» **ACTION ITEM**
The answer should reproduce every entry exactly and contain no images.

» **EXTRACTED MATERIAL**
....

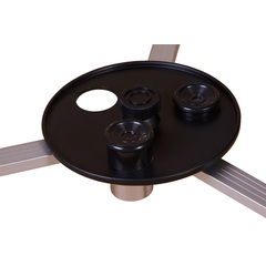 <p>Телескопът е монтиран върху лек алуминиев триножник. Височината на краката може да се регулира: това позволява телескопът да се регулира до височината на наблюдателя. На триножника лесно се поставя поставка за принадлежности. Върху нея можете да оставяте допълнителни окуляри, звездна карта, компас и всякакви малки елементи.</p>
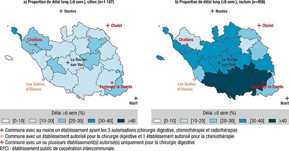 Figure 2 : Cartographie par EPCI de la proportion de délai long chez les patients vendéens atteints de cancers invasifs colorectaux
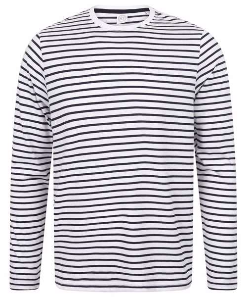 You can't go wrong with stripes. Fun. Impactful. A modern classic. Made with quality striped cotton Jersey, this soft-to-touch unisex long sleeved striped T has a regular body fit to suit all shapes. The stretch rib neck and back neck tape ensure a premium finish. The tear-out label is removable for re-branding.
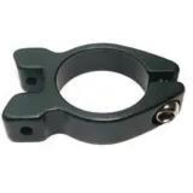 The BPW Seat Clamp 34.9mm w/ Nodes (5mm) for Rear Carrier in black is a reliable and sturdy solution for securing your rear carrier or seatpost. Featuring a 34.9mm diameter, this clamp is designed with additional nodes for enhanced attachment stability. Its durable black finish ensures longevity while providing a sleek look. Easy to install and adjust, this clamp is perfect for cyclists looking to enhance their bike’s functionality.
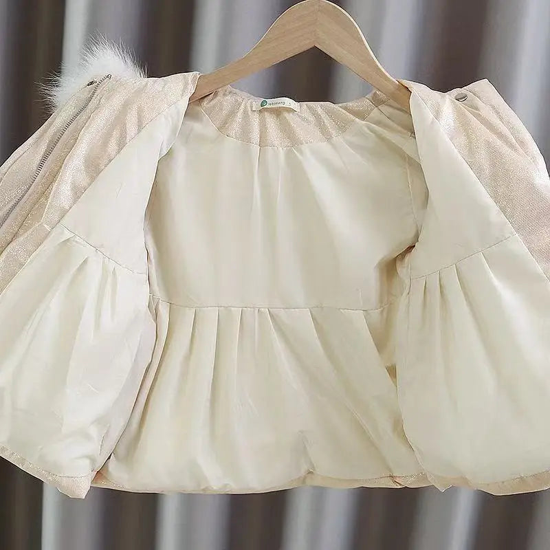 Warm, elegant, and beautifully designed — the perfect winter jacket for stylish little girls.
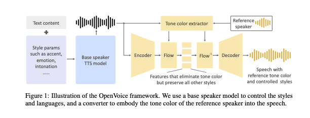 By using a “base speaker,” for the TTS model, and then combining it with the tone derived from a user’s provided recorded audio, the two models together can reproduce the user’s voice, as well as change their “tone color,” or the emotional expression of the text being spoken. Here’s a diagram included in the OpenVoice team’s paper illustrating how these two models work together:
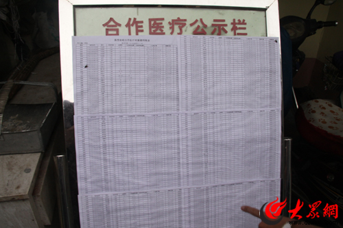 西楊村衛生所定時公布的村民報銷明細
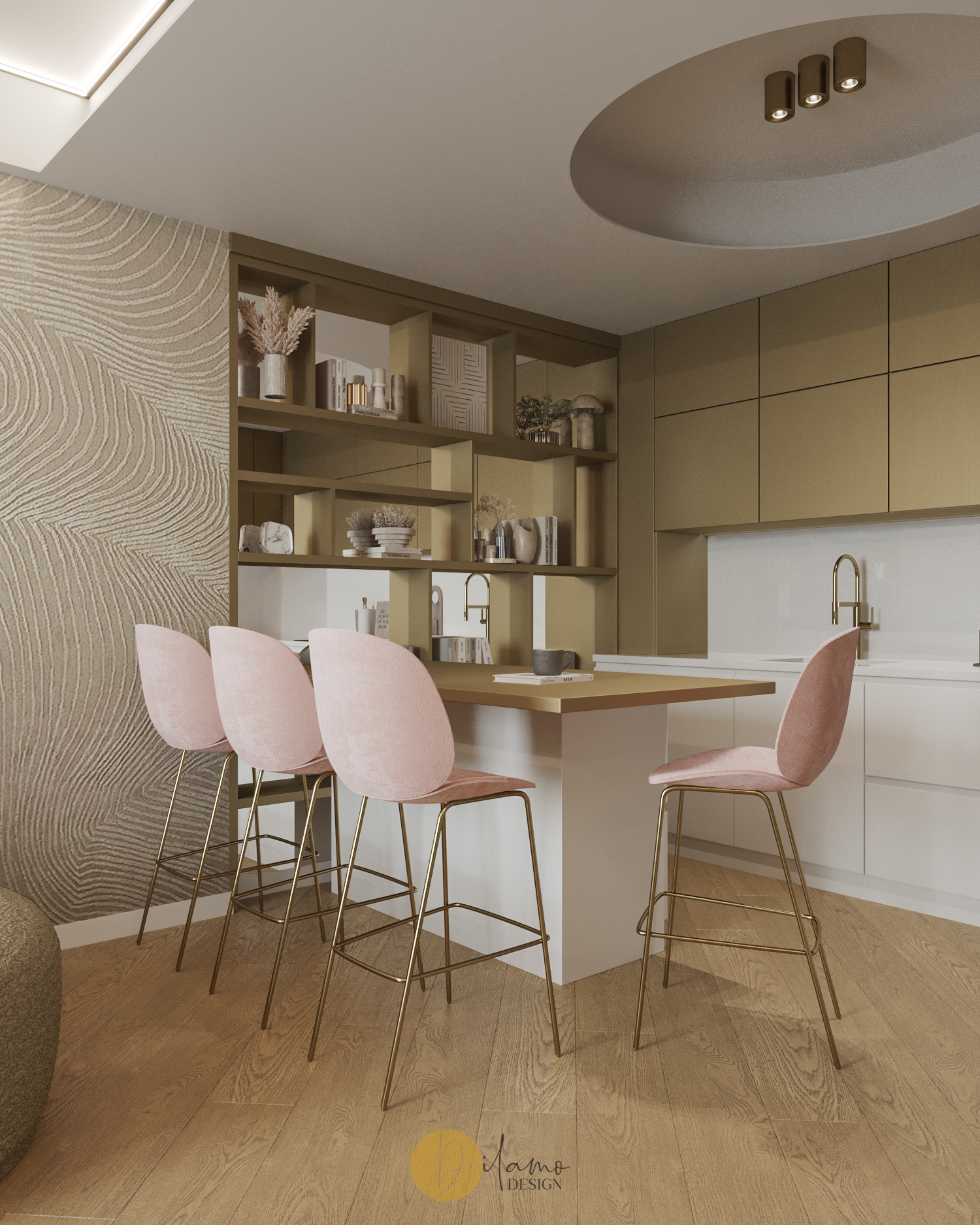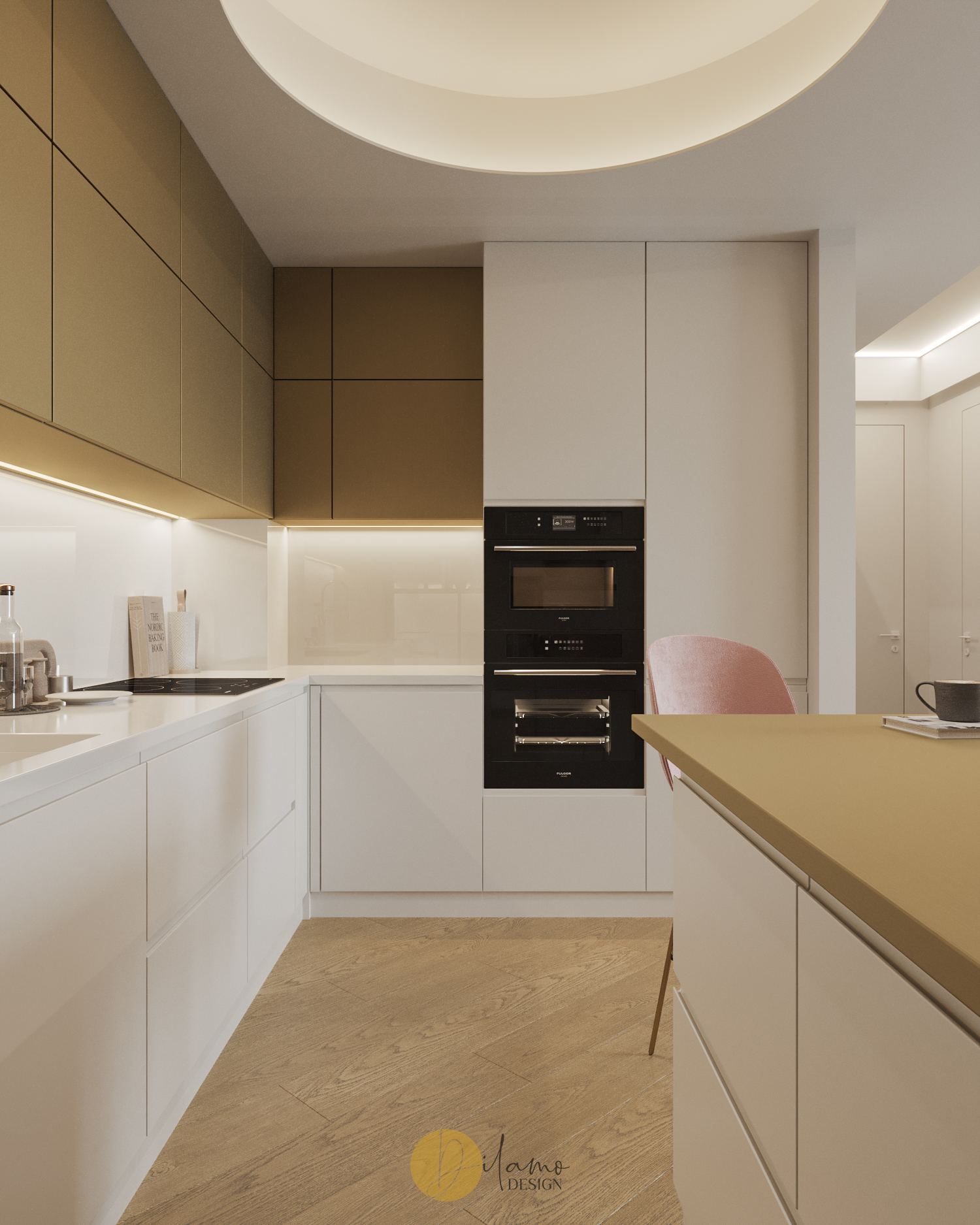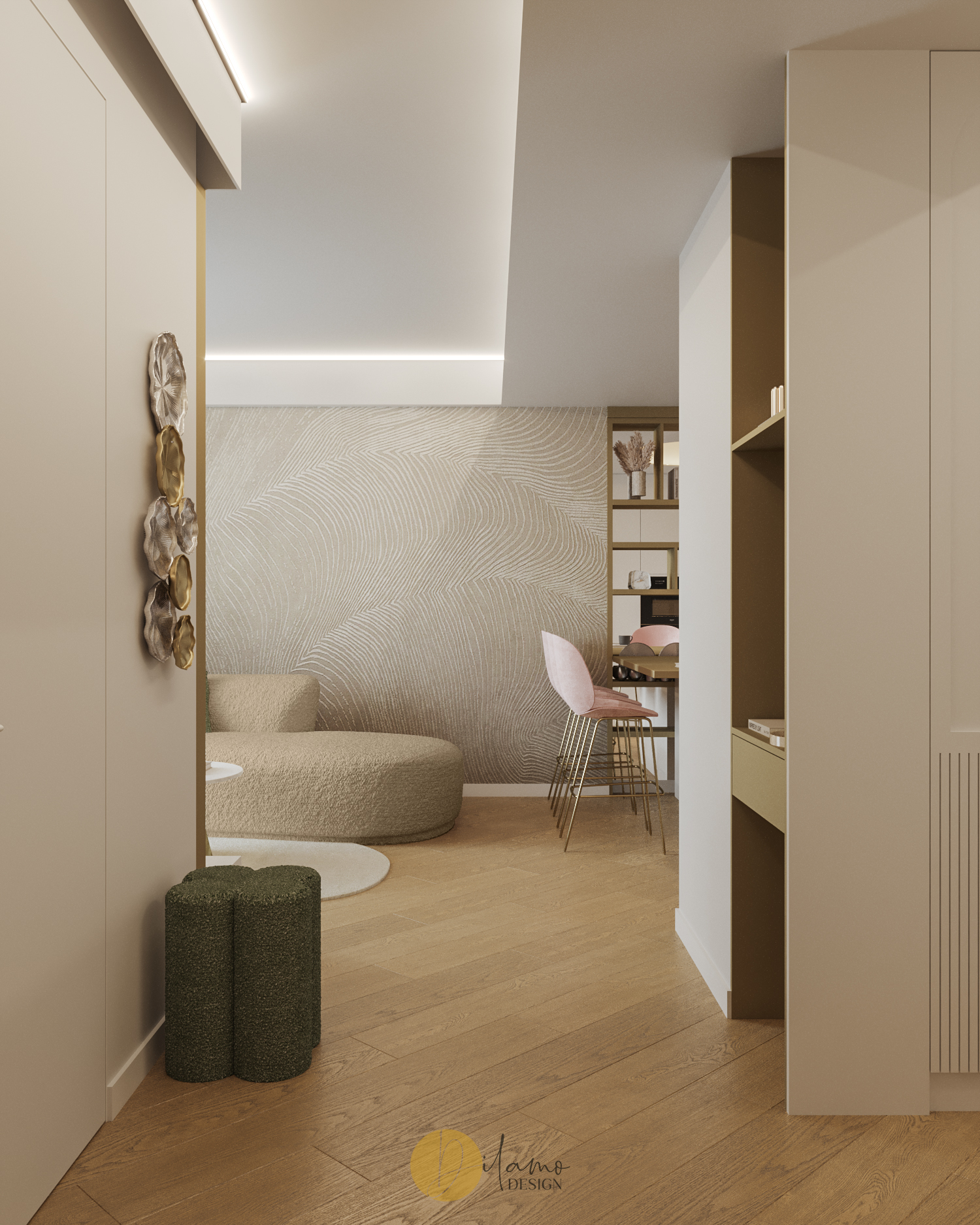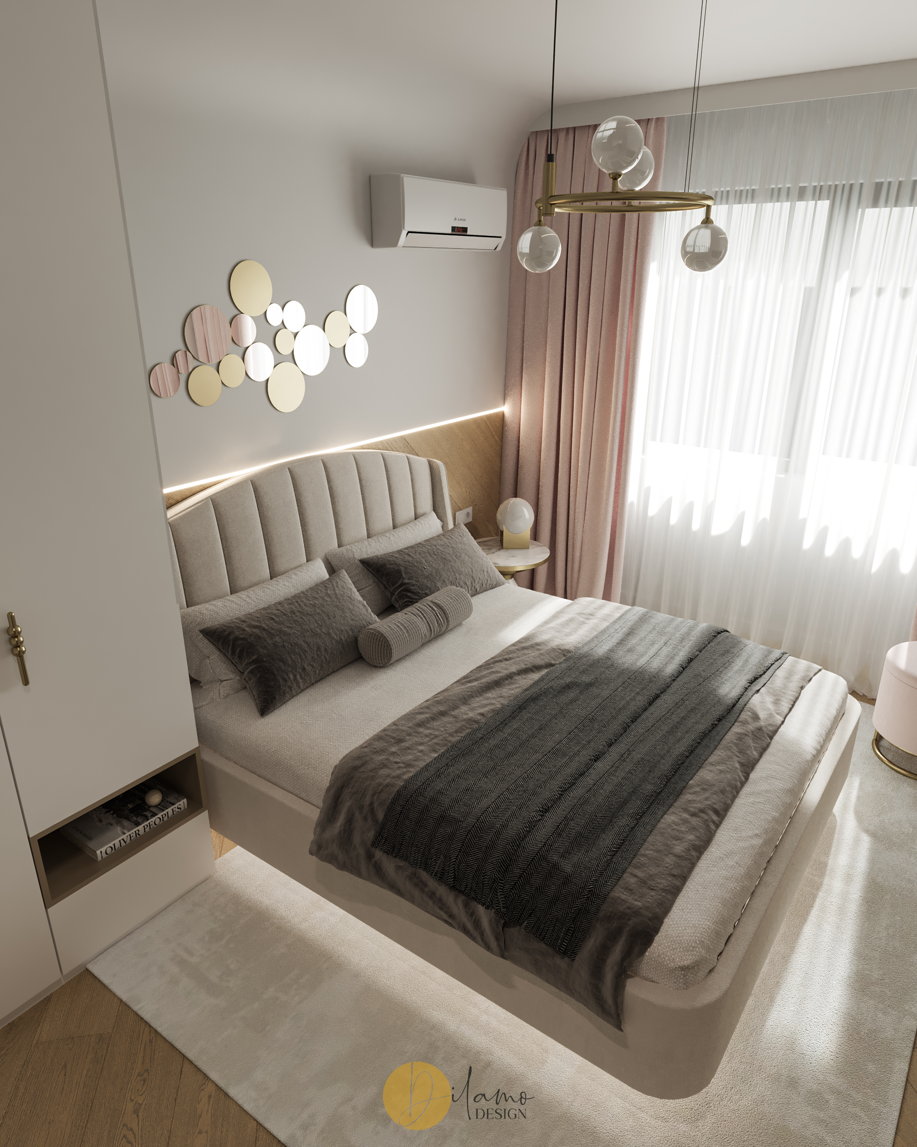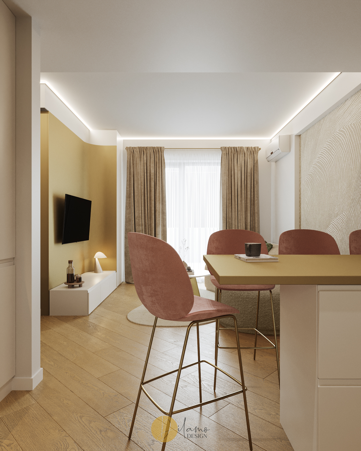 Te invităm într-un apartament chic, cochet, cu 2 camere, proiectat pentru un stil de viață activ și modern. Cromatica este veselă și primitoare, iar detaliile de auriu aduc un plus de rafinament amenajării Dilamo Design.
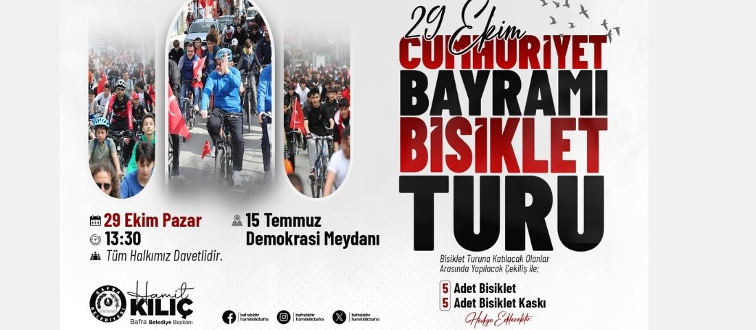 Bisiklet tutkunları ile Cumhuriyet’in 100. Yılında “Cumhuriyet” için pedal çevirecek olan Belediye Başkanı Hamit Kılıç; “Bafra’mızda büyük bir coşku ile Cumhuriyet’imizin 100. Yılını kutlayacağız. Yine bütün bisiklet tutkunlarıyla bir araya gelecek, hep birlikte pedal çevireceğiz. Her yıl ücretsiz olarak gerçekleştirdiğimiz bisiklet turumuza genç yaşlı demeden bütün hemşehrilerimizi davet ediyorum” dedi.
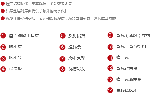 作為傳統(tǒng)屋面通風(fēng)方案的優(yōu)化,鋁箔墊層的加入,使反射鋁箔與嵌入順?biāo)畻l間的保溫板形成空氣間層,代替了部分保溫板厚度,而且省去了保溫保護(hù)層。
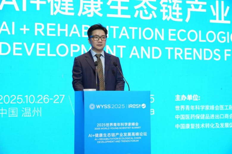 作为分论坛,“AI+健康生态链产业发展高峰论坛”于10月26日举行,论坛由世界青年科学家峰会医工融合专委会、中国康复技术转化及发展促进会非医疗健康干预专业委员会、中国医药保健品进出口商会按摩保健器具分会共同主办,温州医科大学、温州世界青年科学家成长基金会、豪中豪健康科技有限公司联合承办,聚焦AI与健康产业的深度融合,旨在推动康复器械行业向智能化、国际化转型升级,吸引了来自全球的顶尖学者、行业领袖与企业代表共聚一堂,共话AI赋能大健康的未来路径。
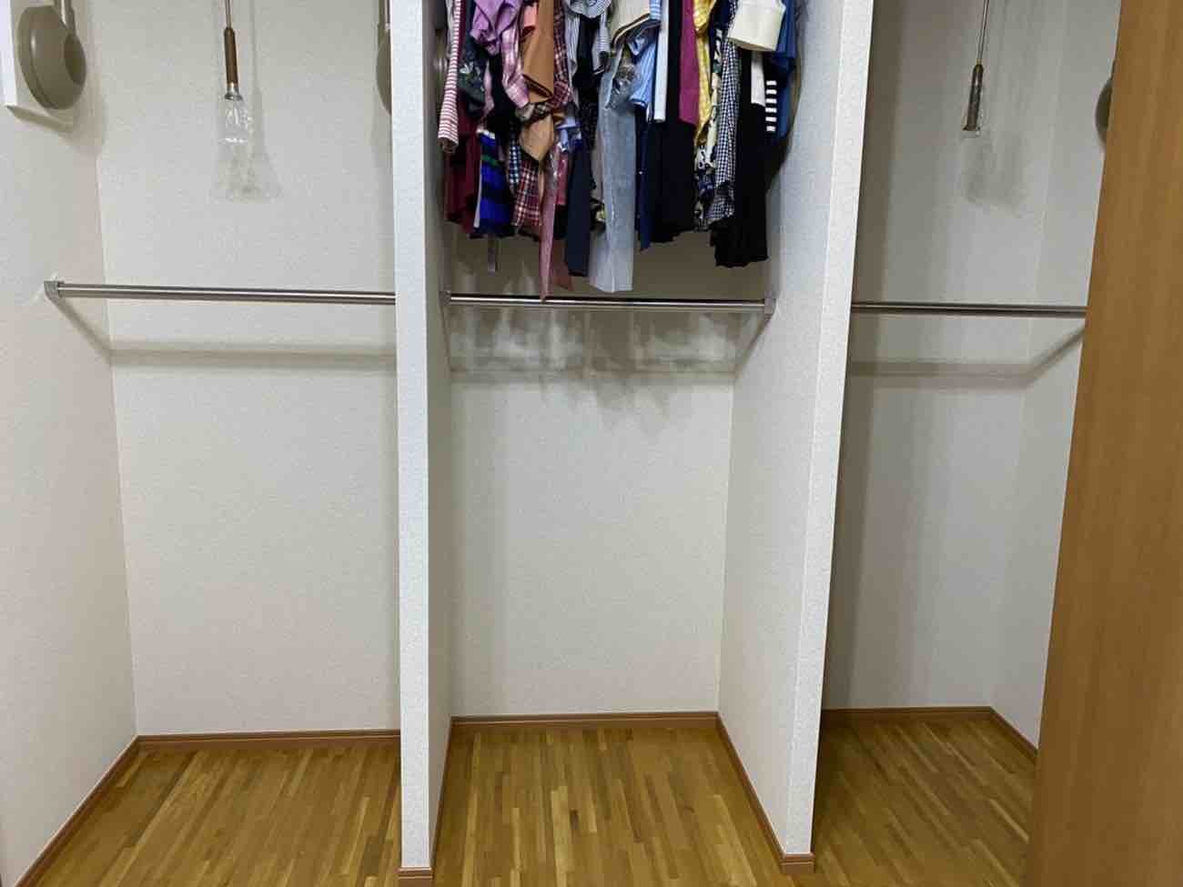 下部には、従来のステンレスのハンガーパイブを取り付け、大容量のクローゼットになりました!

....

» **RESPONSE TO THE TASK**
 <p>Телескопът е монтиран върху лек алуминиев триножник. Височината на краката може да се регулира: това позволява телескопът да се регулира до височината на наблюдателя. На триножника лесно се поставя поставка за принадлежности. Върху нея можете да оставяте допълнителни окуляри, звездна карта, компас и всякакви малки елементи.</p>
 Figure 2 : Cartographie par EPCI de la proportion de délai long chez les patients vendéens atteints de cancers invasifs colorectaux
 You can't go wrong with stripes. Fun. Impactful. A modern classic. Made with quality striped cotton Jersey, this soft-to-touch unisex long sleeved striped T has a regular body fit to suit all shapes. The stretch rib neck and back neck tape ensure a premium finish. The tear-out label is removable for re-branding.
 The BPW Seat Clamp 34.9mm w/ Nodes (5mm) for Rear Carrier in black is a reliable and sturdy solution for securing your rear carrier or seatpost. Featuring a 34.9mm diameter, this clamp is designed with additional nodes for enhanced attachment stability. Its durable black finish ensures longevity while providing a sleek look. Easy to install and adjust, this clamp is perfect for cyclists looking to enhance their bike’s functionality.
 Warm, elegant, and beautifully designed — the perfect winter jacket for stylish little girls.
 By using a “base speaker,” for the TTS model, and then combining it with the tone derived from a user’s provided recorded audio, the two models together can reproduce the user’s voice, as well as change their “tone color,” or the emotional expression of the text being spoken. Here’s a diagram included in the OpenVoice team’s paper illustrating how these two models work together:
 西楊村衛生所定時公布的村民報銷明細
 Te invităm într-un apartament chic, cochet, cu 2 camere, proiectat pentru un stil de viață activ și modern. Cromatica este veselă și primitoare, iar detaliile de auriu aduc un plus de rafinament amenajării Dilamo Design.
 Bisiklet tutkunları ile Cumhuriyet’in 100. Yılında “Cumhuriyet” için pedal çevirecek olan Belediye Başkanı Hamit Kılıç; “Bafra’mızda büyük bir coşku ile Cumhuriyet’imizin 100. Yılını kutlayacağız. Yine bütün bisiklet tutkunlarıyla bir araya gelecek, hep birlikte pedal çevireceğiz. Her yıl ücretsiz olarak gerçekleştirdiğimiz bisiklet turumuza genç yaşlı demeden bütün hemşehrilerimizi davet ediyorum” dedi.
 作為傳統(tǒng)屋面通風(fēng)方案的優(yōu)化,鋁箔墊層的加入,使反射鋁箔與嵌入順?biāo)畻l間的保溫板形成空氣間層,代替了部分保溫板厚度,而且省去了保溫保護(hù)層。
 作为分论坛,“AI+健康生态链产业发展高峰论坛”于10月26日举行,论坛由世界青年科学家峰会医工融合专委会、中国康复技术转化及发展促进会非医疗健康干预专业委员会、中国医药保健品进出口商会按摩保健器具分会共同主办,温州医科大学、温州世界青年科学家成长基金会、豪中豪健康科技有限公司联合承办,聚焦AI与健康产业的深度融合,旨在推动康复器械行业向智能化、国际化转型升级,吸引了来自全球的顶尖学者、行业领袖与企业代表共聚一堂,共话AI赋能大健康的未来路径。
 下部には、従来のステンレスのハンガーパイブを取り付け、大容量のクローゼットになりました!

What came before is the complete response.